- [Aim of the task] Wherever the line with "Overshirt homme audacieux, rayures" sits in the listing below, transcribe from it up to and including the line with "在高速公路服务区充电后,服务费比电费更高。", exactly, and leave the remaining lines out.

[[ Exercise data open ]]

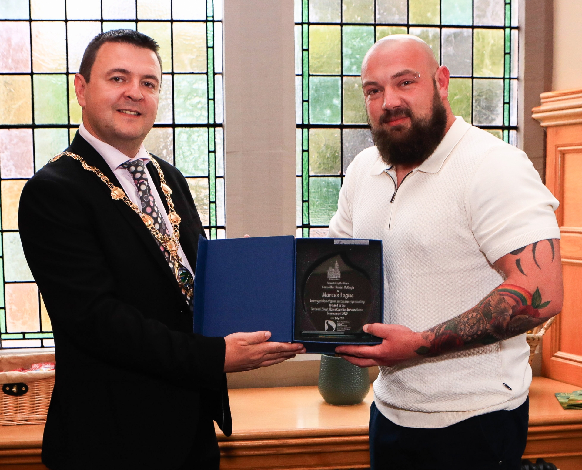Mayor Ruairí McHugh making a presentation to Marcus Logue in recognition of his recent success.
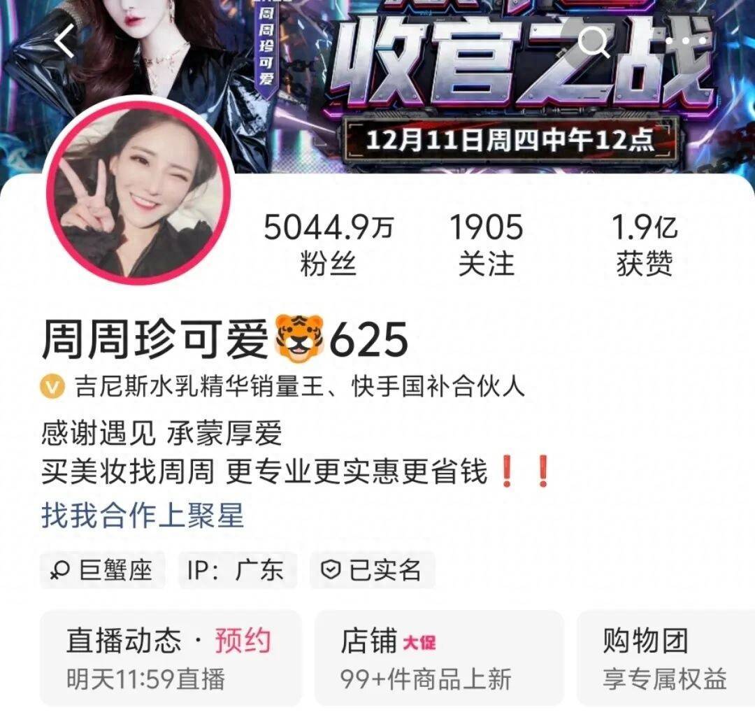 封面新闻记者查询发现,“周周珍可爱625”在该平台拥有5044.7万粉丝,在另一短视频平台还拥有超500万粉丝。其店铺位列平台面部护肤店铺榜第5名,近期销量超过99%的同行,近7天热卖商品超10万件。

[[ Exercise data closed ]]
[[ Exercise data open ]]

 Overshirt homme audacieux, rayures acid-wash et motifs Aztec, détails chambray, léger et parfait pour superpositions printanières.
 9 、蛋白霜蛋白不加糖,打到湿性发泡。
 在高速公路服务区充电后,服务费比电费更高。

[[ Exercise data closed ]]

- [Written answer]
 Overshirt homme audacieux, rayures acid-wash et motifs Aztec, détails chambray, léger et parfait pour superpositions printanières.
 9 、蛋白霜蛋白不加糖,打到湿性发泡。
 在高速公路服务区充电后,服务费比电费更高。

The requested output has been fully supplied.